◆ MATERIAL SHOWN
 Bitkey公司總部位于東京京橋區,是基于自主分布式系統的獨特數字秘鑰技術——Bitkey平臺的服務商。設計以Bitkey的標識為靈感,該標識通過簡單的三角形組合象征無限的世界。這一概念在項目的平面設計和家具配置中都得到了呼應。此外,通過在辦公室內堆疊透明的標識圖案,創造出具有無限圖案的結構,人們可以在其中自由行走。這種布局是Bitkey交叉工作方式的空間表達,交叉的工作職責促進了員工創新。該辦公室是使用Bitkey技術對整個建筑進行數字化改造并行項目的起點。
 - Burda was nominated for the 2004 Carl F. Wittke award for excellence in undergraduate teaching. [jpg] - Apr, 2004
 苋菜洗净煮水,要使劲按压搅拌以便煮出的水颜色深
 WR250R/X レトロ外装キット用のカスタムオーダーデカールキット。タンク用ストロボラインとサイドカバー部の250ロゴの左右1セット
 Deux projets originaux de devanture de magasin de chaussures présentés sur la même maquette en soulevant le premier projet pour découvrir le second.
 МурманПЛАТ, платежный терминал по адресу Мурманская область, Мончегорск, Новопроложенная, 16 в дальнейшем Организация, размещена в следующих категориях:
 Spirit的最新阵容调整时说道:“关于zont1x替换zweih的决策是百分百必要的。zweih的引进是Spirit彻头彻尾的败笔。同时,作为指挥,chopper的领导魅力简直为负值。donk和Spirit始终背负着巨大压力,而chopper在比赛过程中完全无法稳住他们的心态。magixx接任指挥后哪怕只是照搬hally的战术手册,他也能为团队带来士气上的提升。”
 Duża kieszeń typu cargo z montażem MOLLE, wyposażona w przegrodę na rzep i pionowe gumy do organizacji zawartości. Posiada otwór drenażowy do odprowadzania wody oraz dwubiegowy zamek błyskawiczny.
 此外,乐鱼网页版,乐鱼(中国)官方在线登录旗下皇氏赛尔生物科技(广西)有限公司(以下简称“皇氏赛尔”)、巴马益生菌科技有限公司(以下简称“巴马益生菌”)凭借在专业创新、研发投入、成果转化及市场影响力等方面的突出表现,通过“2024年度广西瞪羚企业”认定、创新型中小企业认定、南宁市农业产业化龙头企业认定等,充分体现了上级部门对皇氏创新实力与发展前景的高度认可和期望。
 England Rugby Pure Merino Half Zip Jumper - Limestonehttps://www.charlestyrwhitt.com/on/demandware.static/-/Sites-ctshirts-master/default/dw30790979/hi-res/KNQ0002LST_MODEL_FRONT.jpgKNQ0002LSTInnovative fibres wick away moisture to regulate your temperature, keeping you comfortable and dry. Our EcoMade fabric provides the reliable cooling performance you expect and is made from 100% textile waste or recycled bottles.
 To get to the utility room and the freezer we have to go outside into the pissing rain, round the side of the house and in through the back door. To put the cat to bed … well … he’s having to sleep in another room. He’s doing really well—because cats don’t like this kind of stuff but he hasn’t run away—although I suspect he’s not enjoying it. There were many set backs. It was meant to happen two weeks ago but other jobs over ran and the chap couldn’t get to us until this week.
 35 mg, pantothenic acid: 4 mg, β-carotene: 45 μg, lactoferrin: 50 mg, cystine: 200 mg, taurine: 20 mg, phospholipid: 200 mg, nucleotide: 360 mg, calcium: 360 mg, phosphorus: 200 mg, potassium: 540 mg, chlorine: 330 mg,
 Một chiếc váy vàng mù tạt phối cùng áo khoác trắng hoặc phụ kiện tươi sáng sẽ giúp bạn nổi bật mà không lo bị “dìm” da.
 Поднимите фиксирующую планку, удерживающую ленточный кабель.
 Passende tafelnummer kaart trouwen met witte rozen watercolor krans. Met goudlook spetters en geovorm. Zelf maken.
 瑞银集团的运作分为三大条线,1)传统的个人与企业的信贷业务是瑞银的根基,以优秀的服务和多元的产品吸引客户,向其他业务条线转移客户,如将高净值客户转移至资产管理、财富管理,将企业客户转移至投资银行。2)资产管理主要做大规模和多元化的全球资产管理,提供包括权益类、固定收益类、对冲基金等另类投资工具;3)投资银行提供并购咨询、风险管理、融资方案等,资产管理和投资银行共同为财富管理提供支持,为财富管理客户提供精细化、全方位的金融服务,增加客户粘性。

◆ GOAL OF THE EXERCISE
Everything starting at the line containing "- Burda was" and ending at the line containing "WR250R/X レトロ外装" in the records above should be repeated exactly, and only that.

◆ RESPONSE
 - Burda was nominated for the 2004 Carl F. Wittke award for excellence in undergraduate teaching. [jpg] - Apr, 2004
 苋菜洗净煮水,要使劲按压搅拌以便煮出的水颜色深
 WR250R/X レトロ外装キット用のカスタムオーダーデカールキット。タンク用ストロボラインとサイドカバー部の250ロゴの左右1セット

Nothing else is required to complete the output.